[Records supplied — start]

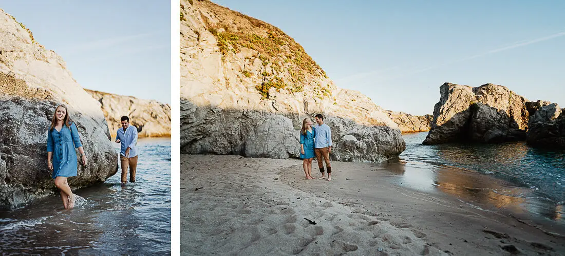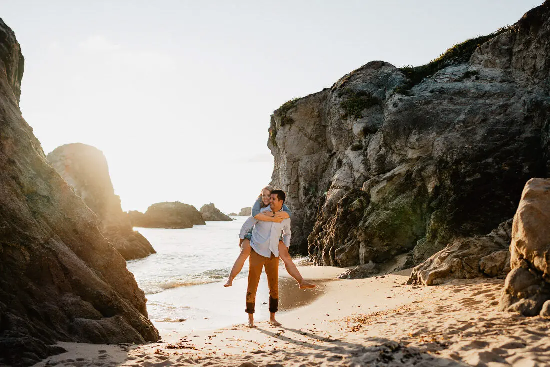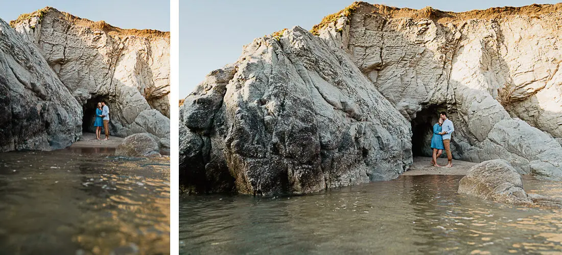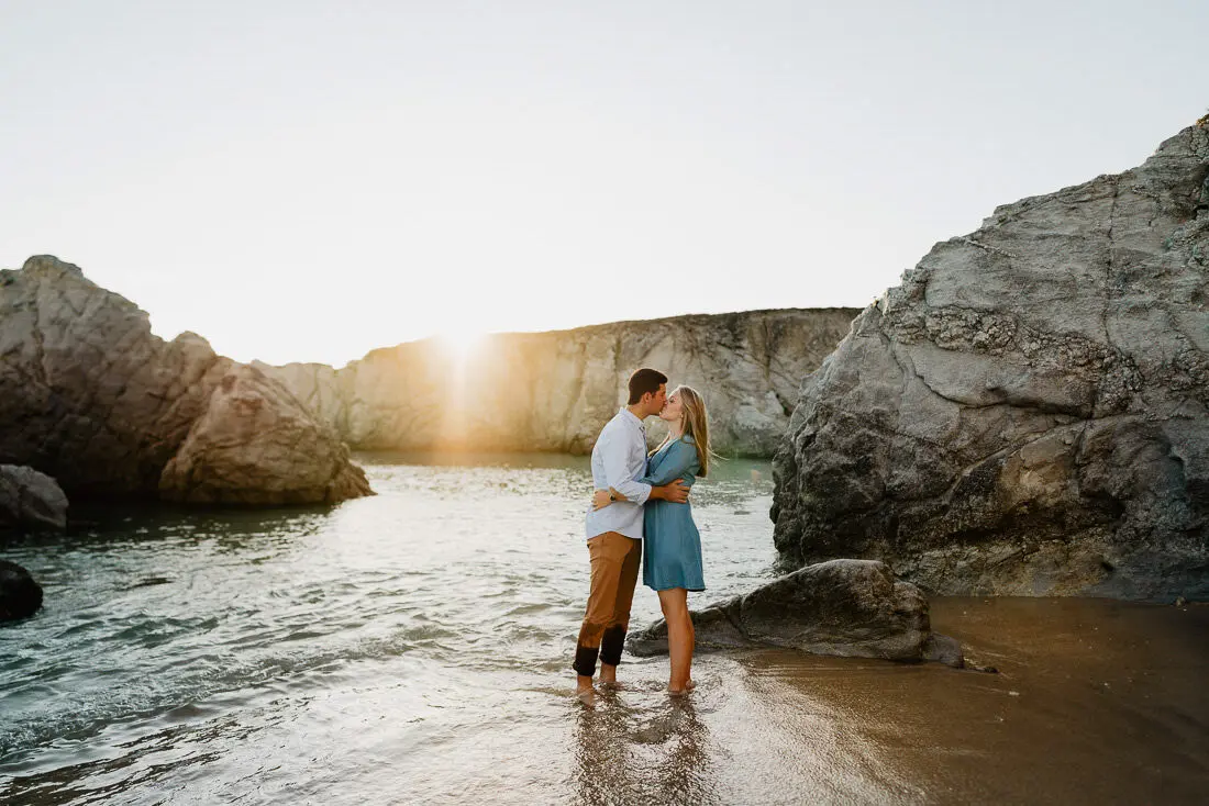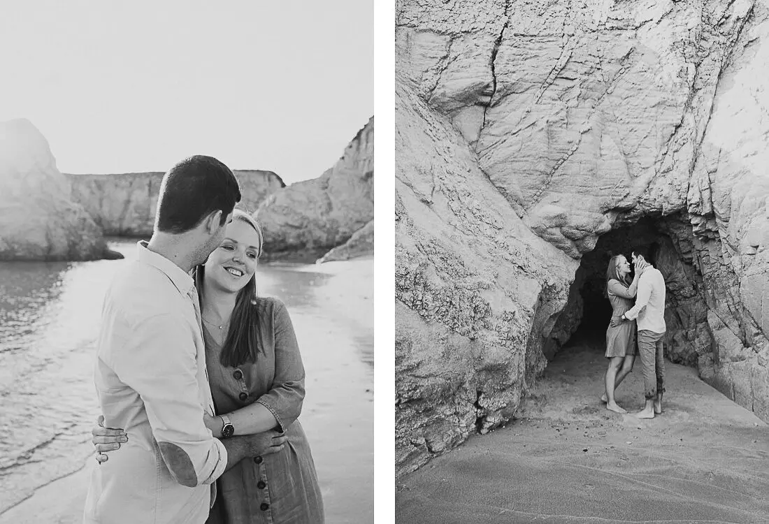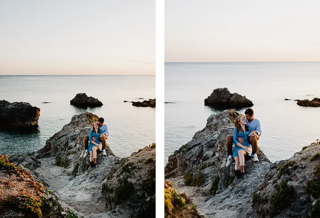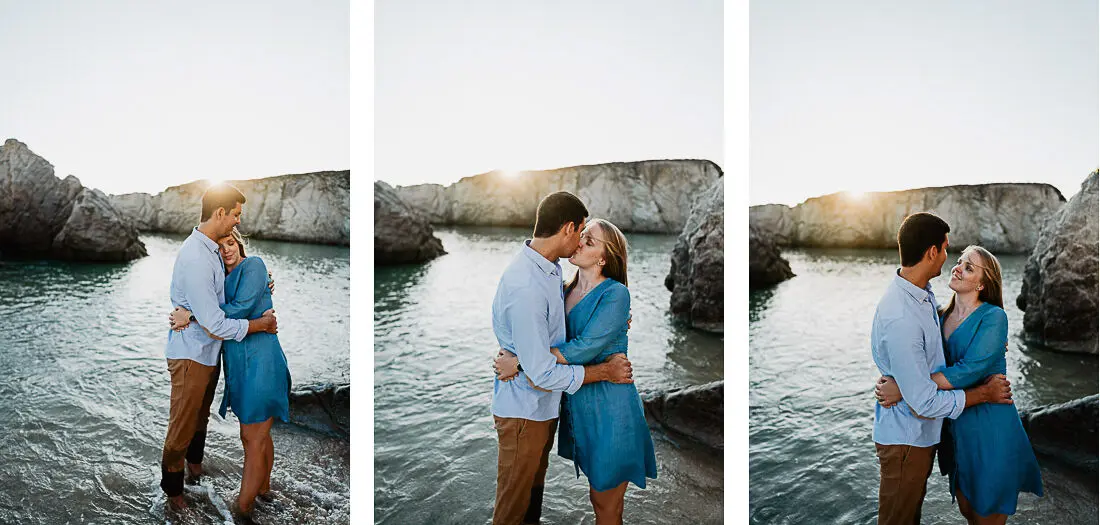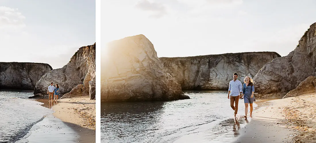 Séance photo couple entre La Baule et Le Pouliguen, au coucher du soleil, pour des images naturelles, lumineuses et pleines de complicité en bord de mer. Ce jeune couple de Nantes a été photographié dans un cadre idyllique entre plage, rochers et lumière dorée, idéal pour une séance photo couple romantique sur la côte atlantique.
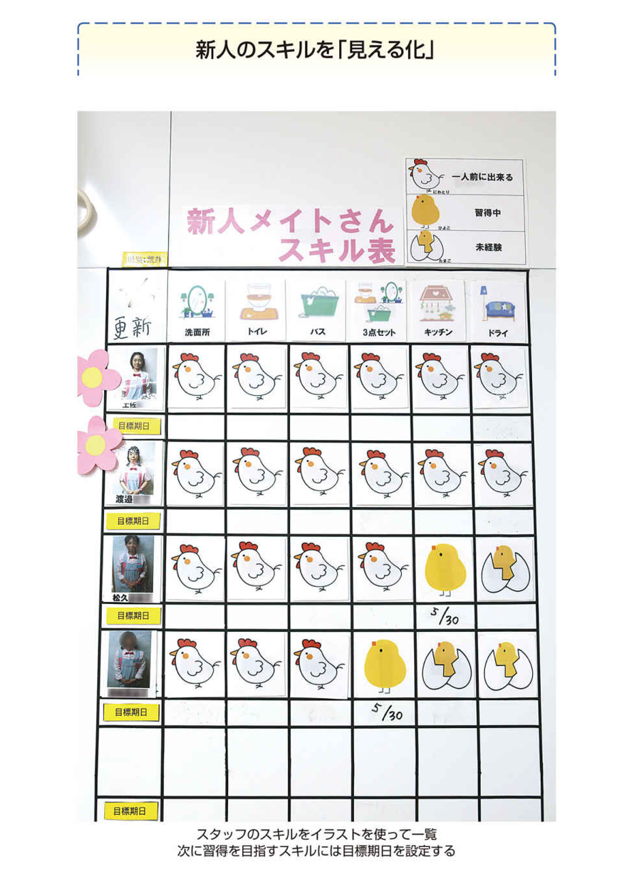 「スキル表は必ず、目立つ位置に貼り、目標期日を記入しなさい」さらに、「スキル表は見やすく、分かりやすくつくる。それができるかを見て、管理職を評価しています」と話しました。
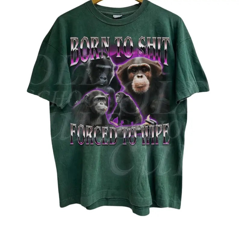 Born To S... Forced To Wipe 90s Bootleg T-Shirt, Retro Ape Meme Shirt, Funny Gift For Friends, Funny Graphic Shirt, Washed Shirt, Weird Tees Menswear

[Records supplied — finish]
[Records supplied — start]

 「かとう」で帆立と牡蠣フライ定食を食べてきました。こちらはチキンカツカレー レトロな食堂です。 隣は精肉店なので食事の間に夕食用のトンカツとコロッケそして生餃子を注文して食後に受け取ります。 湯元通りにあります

[Records supplied — finish]
[Records supplied — start]

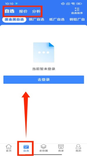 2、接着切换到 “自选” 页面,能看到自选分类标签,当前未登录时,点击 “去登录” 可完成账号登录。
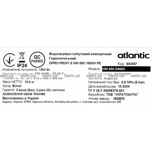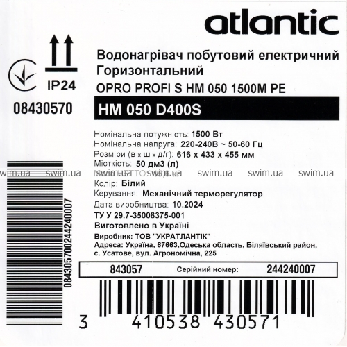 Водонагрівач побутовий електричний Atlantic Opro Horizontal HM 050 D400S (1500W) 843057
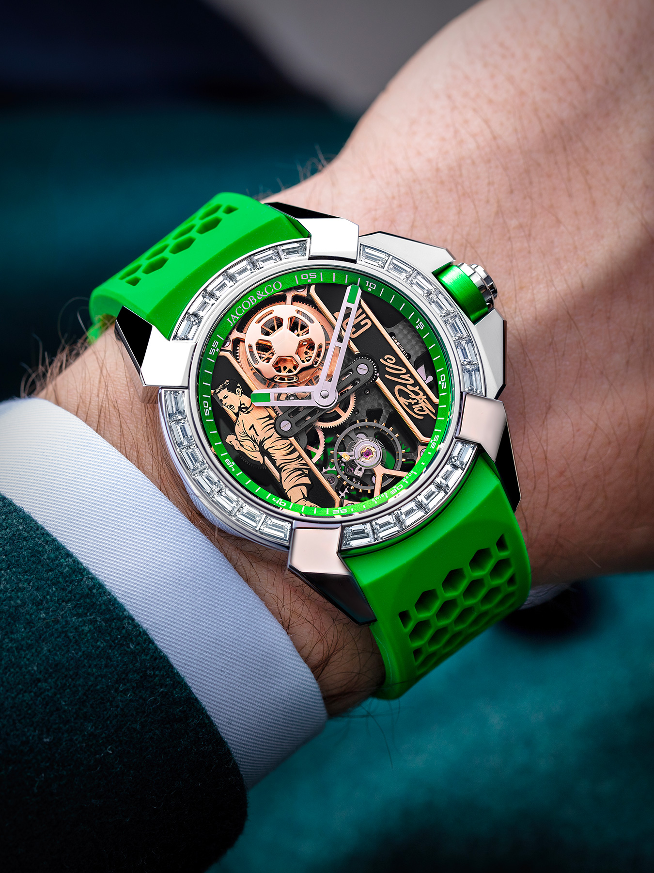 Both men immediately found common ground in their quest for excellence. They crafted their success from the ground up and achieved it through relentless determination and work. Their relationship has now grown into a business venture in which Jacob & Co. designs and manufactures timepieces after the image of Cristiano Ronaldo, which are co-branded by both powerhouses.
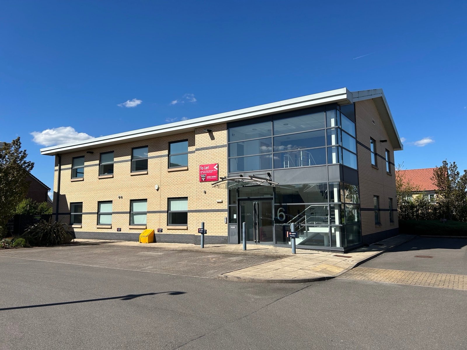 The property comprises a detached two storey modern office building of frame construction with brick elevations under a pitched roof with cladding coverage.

[Records supplied — finish]

Task goal.
Nothing outside the stretch above, from the line with "Водонагрівач побутовий електричний" through the line with "Both men immediately", is set down. Transcribe that stretch exactly, ends included, but not its pictures.

Worked solution.
 Водонагрівач побутовий електричний Atlantic Opro Horizontal HM 050 D400S (1500W) 843057
 Both men immediately found common ground in their quest for excellence. They crafted their success from the ground up and achieved it through relentless determination and work. Their relationship has now grown into a business venture in which Jacob & Co. designs and manufactures timepieces after the image of Cristiano Ronaldo, which are co-branded by both powerhouses.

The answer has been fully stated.